Wednesday, January 4, 2012

it's all worth the wait, worth the weight.

don miller recently wrote this very honest post, where he makes a distinction between the work we do to maintain an impressive reputation and the work we do to develop good character.


this resonates with me because i am still in the process of learning what it means to not care so deeply about what other people think of me, especially people that do not really know me or have a respected voice in my life.  i have been pondering this as i read scripture, especially when it says things like "For when you love the world, you do not have the love of the Father in you," (here); and "And what do you benefit if you gain the whole world but lose your own soul?" (here).


i think scripture and don are right in predicting that playing these kinds of games--games revolving around impressing other people and looking good--will not prove satisfying in the long run.


what would my life look like if i stopped working on my reputation?
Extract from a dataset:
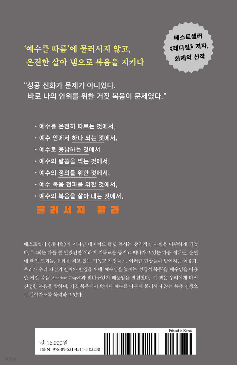 바로 나의 안위를 위한 거짓 복음이 문제였다.” · 예수를 온전히 따르는 것에서, · 예수 안에서 하나 되는 것에서, · 예수로 용납하는 것에서 · 예수의 말씀을 먹는 것에서, · 예수의 정의를 위한 것에서, · 예수 복음 전 파를 위한 것에서, · 예수의 복음을 살아 내는 것에서, 물 러 서 지 말 라 우리 앞에 선택이 놓여 있다. 아메리칸 복음이냐 성경적인 복음이냐. 그 어떤 공격에도 물러서지 않는 순전한 복음을! 우리 앞에 놓인 위험, 낙심하고 지친 이들 베스트셀러 『래디컬』의 저자인 데이비드 플랫 목사는 충격적인 사실을 마주하게 되었다. 요즘 낙심하고 좌절하고 지친 예수님의 제자들은 나만이 아니다. 이 나라의 중심지에서 보니 사방이 아우성이다. 교회 안에서 영적, 감정적, 관계적, 심지어 육체적 상처를 경험한 사람들, 냉랭해진 가족들, 서먹해진 친구들, 편을 나눠 서로 원수처럼 다투는 장로들, 파벌들이 서로 빼앗고 뺏기는 교단들, “교회는 다를 줄 알았건만”이라며 기독교에 실망하여 신앙을 등지고 떠나가고 있는 다음 세대들…. 문제는 아메리칸 드림에 기독교 색깔만 입힌 거짓 복음 이러한 현상들이 빚어지는 이유가, 우리가 우리 자신의 안위와 번영을 위해 ‘예수님을 높이는 성경적 복음’을 ‘예수님을 이용한 거짓 복음’ 〔American Gospel〕과 맞바꾸었기 때문임을 발견했다. 아메리칸 복음[American Gospel]은 아메리칸 드림〔American Dream〕에 기독교의 색깔만 입힌 거짓 복음이다. ‘철저한’ 돌이킴을 넘어 ‘온전한’ 살아 냄으로, 우리는 예수님의 놀라운 경이와 그분의 교회가 보여주는 초월적인 아름다움을 경험할 수 있다. 하지만 그렇게 되려면 우리부터 시작해서 뭔가가 달라져야 한다. 마음에 진정한 복음을 품고 하나님을 상으로 여기면서 포기하지 말고 꿋꿋이 앞으로 나아가자. 성경적 복음으로 달려가게 하는 매일의 실천 6가지. 1. 하늘에서처럼 이 땅에서 공동체를 이루라 2. 아침과 저녁에 오랜 시간 동안 하나님을 찾으라 3. 머리와 가슴에 하나님의 말씀을 가득 채우라 4. 세상 문화를 거스르는 연민을 보여 주라 5. 정의를 행하라 6. 복음을 듣지 못한 이들에게 복음을 전하라 이 책은 우리에게 다시 진정한 복음을 말하며, 거짓 복음에서 벗어나 예수를 따름에 물러서지 않는 복음 인생으로 살아가도록 독려하고 있다. 순전한 복음으로 돌아가, 주님이 원하시는 아름다운 연합과 그분이 꿈꾸시는 교회와 가정을 이루는 일에 물러서지 말자. 우리의 열심과 최선이 아닌 예수의 영광을 위해 살자. |

  • less time perusing pinterest (i'm on an extended break as we speak).
  • feeling OK with whatever i chose to post on my blog or facebook--no need to go back over it repeatedly to predict the reactions of others.
  • not wasting time worrying about an unflattering photo on facebook.
  • not making a disclaimer about the state of my house before someone comes over.
  • feeling confident about whatever i chose to wear for the day, whether it's sweat pants or a snazzy dress with boots.
  • seeing the things that i own as meaningful and special, but still separate from myself--not trying to construct my identity around owning hip or beautiful things.
  • refusing to box myself in by a only few words, but recognizing the complexity of who i am as a person (the past few years i have been merely "passionate," "strong-willed," "opinionated," and "misunderstood").
  • listening to whatever music i really enjoy, instead of feeling pressure to listen to "cool" bands.
  • asking questions when i don't understand, rather than pretending i know.
  • not worrying about the cool factor of the activities i choose to be involved in.
  • refraining from making comments suggesting a particular income level or privilege to impress people.
  • seeing exercise as a way to be strong and healthy, not lose weight (slowly but surely...)
  • saying what i really think when asked.

interesting to note the thread of worry over appearance and material things as i read back through the list...

i hope, dear reader, that we are able to make more time this year for work on our integrity, generosity, honesty, joy, and other aspects of good character--and i pray we will also be free from the deception and emptiness of reputation-building, which is so fleeting and childish.

3 comments:

  1. This is such an honest and thoughtful post, thank you for it! What an exciting year there is ahead.